> Goal of the exercise: The answer must be an exact copy of the lines from the one with "Intelligent gateway base installation signal" to the last line of the entries below, both included, and must contain no pictures.

> Dataset content:

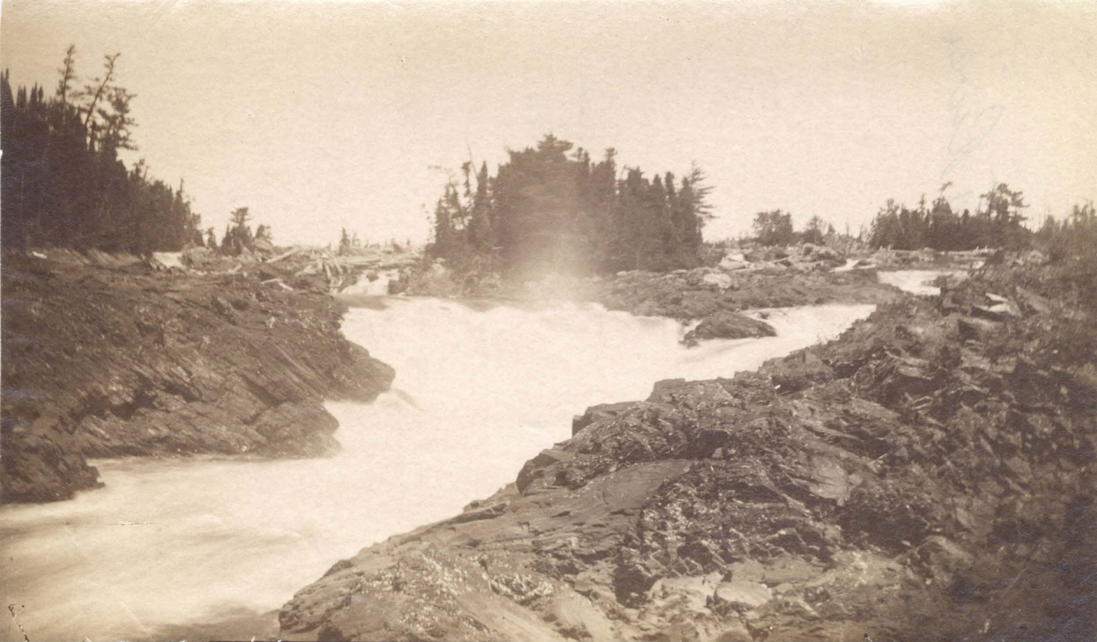
1. [1095] Grand Fall of the Exploits River in 1875
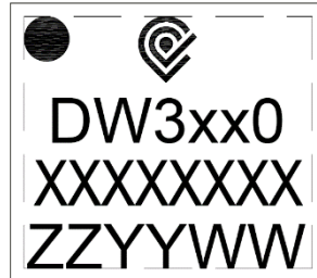
Figure 1 Device Package Markings

The diagram below shows the package markings for DW3210, DW3220, DW3110 and DW3120.
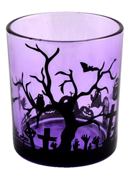
ligth purple \underline{\textbf{glass candle jars}}
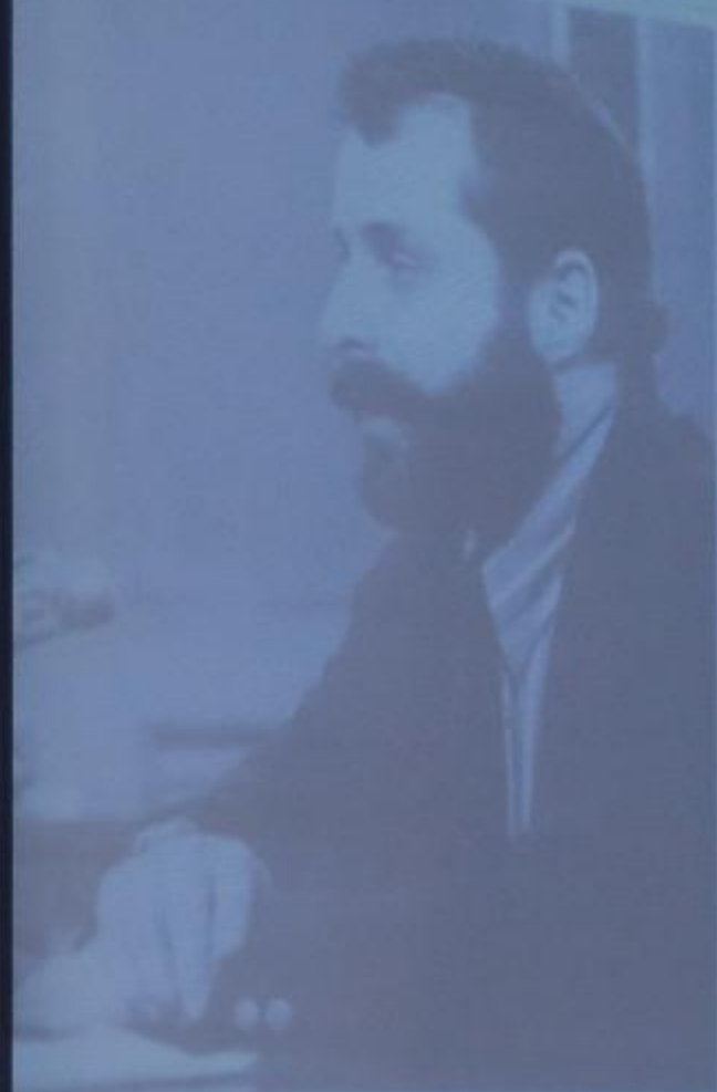
Whistleblower, Peter Buxtun, 1966
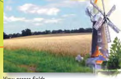
View across fields toward Waltham windmill
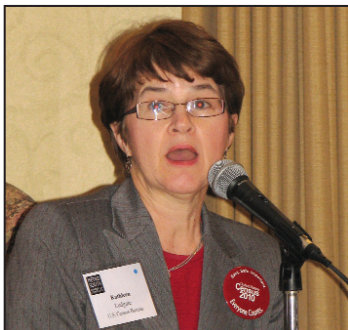
Kathleen Ludgate, Regional Director of the U.S. Census Bureau discusses the "10 in 10" 2010 Census Campaign (see page 6).
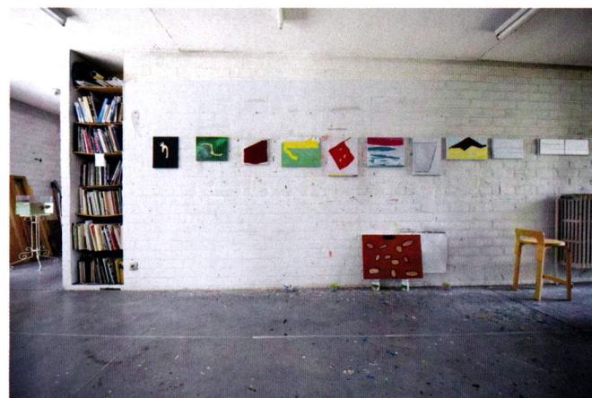
Raoul De Keyser's studio, Deinze, Belgium, 2009.
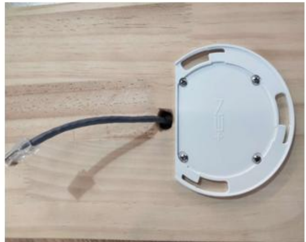
Intelligent gateway base installation signal
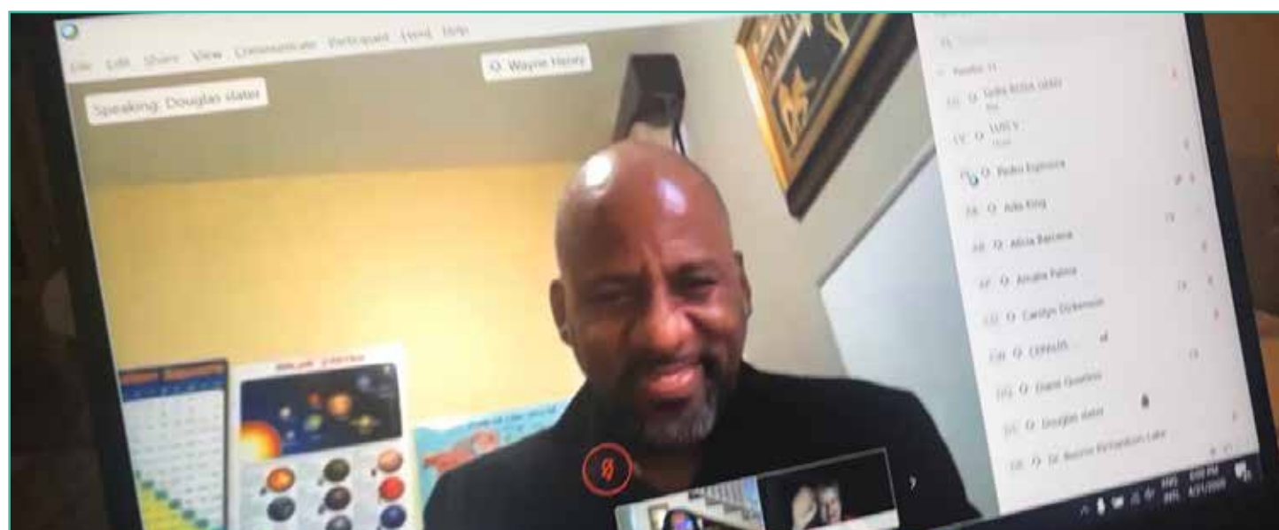
Photo of attendant at virtual meeting
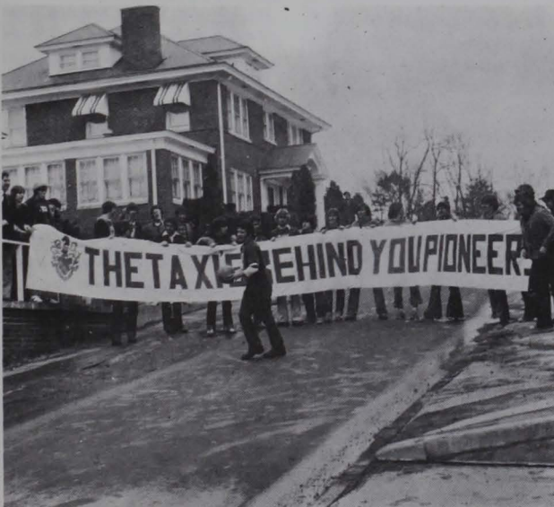
The Theta Xis are pictured as they began their long trek to Charleston on Tuesday.
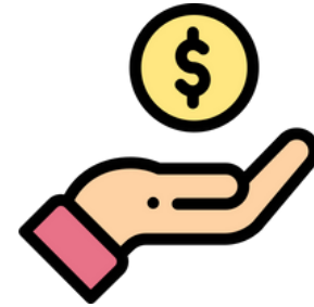
Fees Management & Online Payment
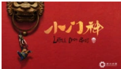
WATCH: First Trailer for Alibaba's 'Little Door Gods'
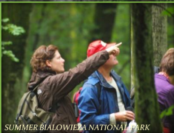
SUMMER BIALOWIEZA NATIONAL PARK
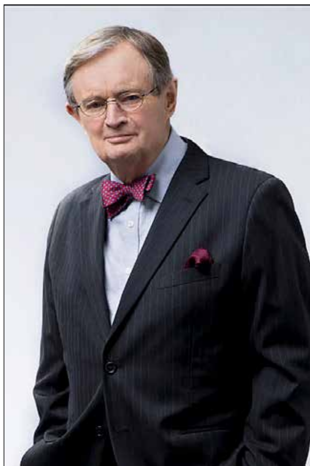
STABLE EMPLOYMENT: McCallum played Dr "Ducky" Mallard on NCIS for twenty seasons
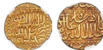
31764 Mughal Empire. Akbar (AH 963-1014 / AD 1556-1605) gold Mohur AH 983 (AD 1575/6) AU55 NGC , Agra mint, KM108.1, Hull-1205. Showcasing a trademark bold relief to the calligraphy so desirable for Akbar's coinage, a bright-dark contrast between fields and devices adding an additional layer to the coin's aesthetic appeal. Starting Bid: $500

> Expected output:
Intelligent gateway base installation signal
Photo of attendant at virtual meeting
The Theta Xis are pictured as they began their long trek to Charleston on Tuesday.
Fees Management & Online Payment
WATCH: First Trailer for Alibaba's 'Little Door Gods'
SUMMER BIALOWIEZA NATIONAL PARK
STABLE EMPLOYMENT: McCallum played Dr "Ducky" Mallard on NCIS for twenty seasons
31764 Mughal Empire. Akbar (AH 963-1014 / AD 1556-1605) gold Mohur AH 983 (AD 1575/6) AU55 NGC , Agra mint, KM108.1, Hull-1205. Showcasing a trademark bold relief to the calligraphy so desirable for Akbar's coinage, a bright-dark contrast between fields and devices adding an additional layer to the coin's aesthetic appeal. Starting Bid: $500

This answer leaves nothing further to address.